Oligodendroglia are limited in type I interferon induction and responsiveness in vivo

Type I interferons (IFN alpha/beta) provide a primary defense against infection. Nevertheless, the dynamics of IFN alpha/beta induction and responsiveness by central nervous system (CNS) resident cells in vivo in response to viral infections are poorly understood. Mice were infected with a neurotropic coronavirus with tropism for oligodendroglia and microglia to probe innate antiviral responses during acute encephalomyelitis. Expression of genes associated with the IFN alpha/beta pathways was monitored in microglia and oligodendroglia purified from naive and infected mice by fluorescent activated cell sorting.
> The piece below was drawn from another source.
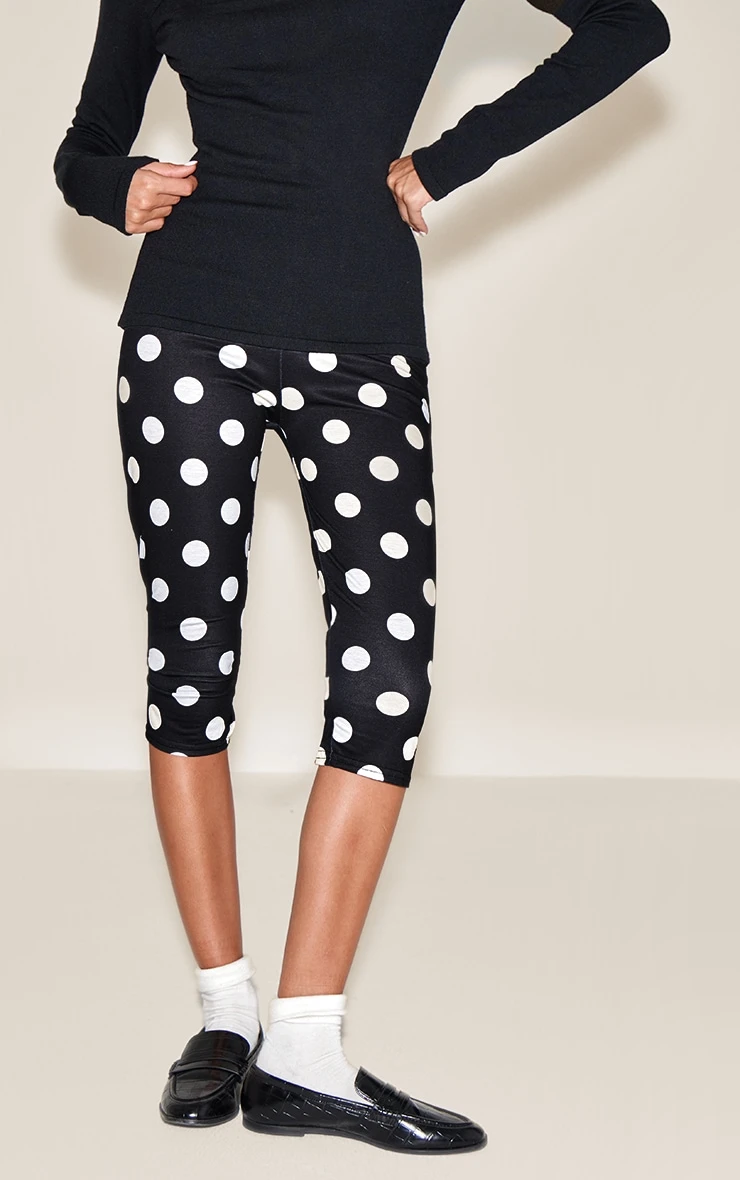 Make a statement with the black polka dot capri’s. Designed in a black fabric with playful polka dots, they feature a cropped length and fitted silhouette for chic appeal. Perfect for elevating day-to-night looks, these capris strike the perfect balance. Style with kitten heels and gold earrings for timeless charm.

Compared with microglia, oligodendroglia were characterized by low basal expression of mRNA encoding viral RNA sensing pattern recognition receptors (PRRs), IFN alpha/beta receptor chains, interferon sensitive genes (ISG), as well as kinases and transcription factors critical in IFN alpha/beta signaling. Although PRRs and ISGs were upregulated by infection in both cell types, the repertoire and absolute mRNA levels were more limited in oligodendroglia. Furthermore, although oligodendroglia harbored higher levels of viral RNA compared with microglia, Ifn alpha/beta was only induced in microglia. Stimulation with the double stranded RNA analogue poly I:C also failed to induce Ifn alpha/beta in oligodendroglia, and resulted in reduced and delayed induction of ISGs compared with microglia. The limited antiviral response by oligodendroglia was associated with a high threshold for upregulation of Ikke and Irf7 transcripts, both central to amplifying IFN alpha/beta responses. Overall, these data reveal that oligodendroglia from the adult CNS are poor sensors of viral infection and suggest they require exogenous IFN alpha/beta to establish an antiviral state. (c) 2012 Wiley Periodicals, Inc.